Disused railway station in Northumberland, England

Alnwick railway station served the town of Alnwick, in Northumberland, England. It was the terminus of two routes: the Alnwick branch line, which diverged from the East Coast Main Line at Alnmouth, and the
Cornhill branch line to Coldstream.

==History==
The first station on the edge of the town opened, along with the branch, on 19 August 1850; it was first used by a special train on 6 August.

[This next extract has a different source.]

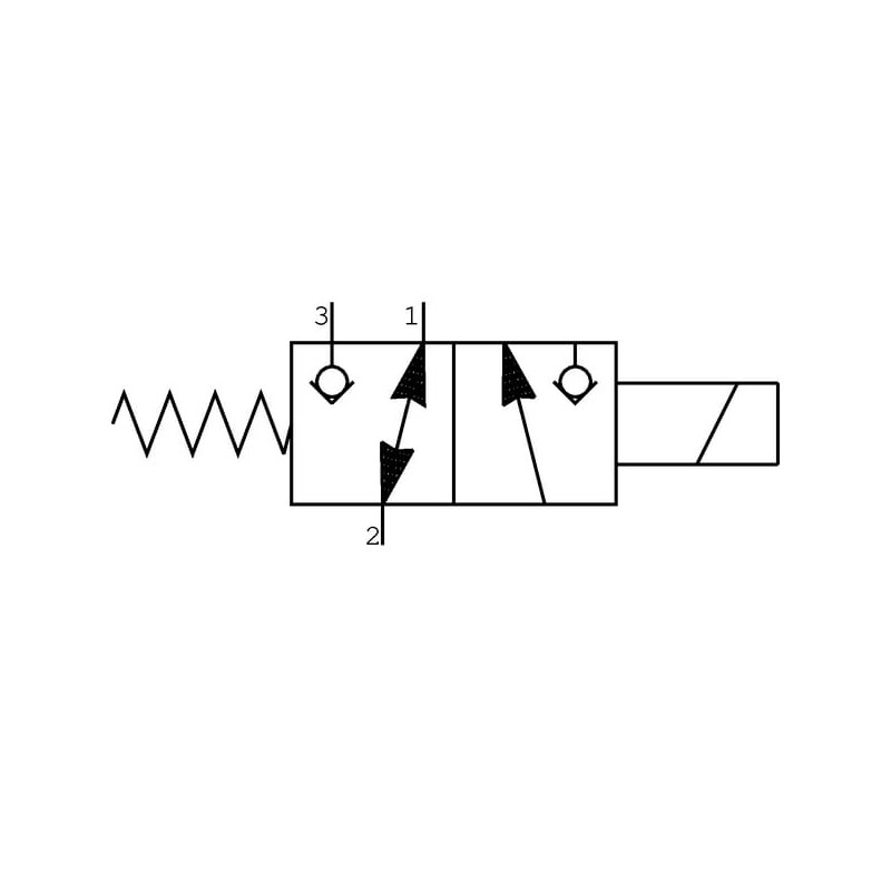 Išsamus aprašymasŠis tiesiogiai valdomas 3/2 vožtuvas jungia 1 prievadą su 2 išvadu. Aktyvioje būsenoje 1 įvadas yra sujungtas su 3 išvadu. Vožtuvas turi dvi srauto kryptis.

It was replaced by a station nearer the town centre, which was opened in 1887 by the North Eastern Railway. It became part of the London and North Eastern Railway during the Grouping of 1923. The station then passed on to the North Eastern Region of British Railways on nationalisation in 1948.

The station was also the terminus of the Cornhill branch line to Coldstream, which closed to passengers on 22 September 1930.

It was closed to passengers by the British Railways Board in January 1968 and completely in October 1968.

In 1993, a proposal to redevelop the site into a supermarket failed.

| Preceding station | Disused railways |  |  | Following station |
|---|---|---|---|---|
| Terminus |  | North Eastern Railway Alnwick branch line |  | Alnmouth Line closed; station open |
| Edlingham Line and station closed |  | North Eastern Railway Cornhill branch line |  | Terminus |

==Preservation==
The trainshed remains intact and in use, including by Barter Books; the platforms have been in-filled.

The bookshop, with its model railway network, was featured in Michael Portillo's Great British Railway Journeys (first broadcast on BBC2, 23 January 2012) and Tim Dunn's The Architecture the Railways Built (first broadcast on Yesterday, 25 October 2021).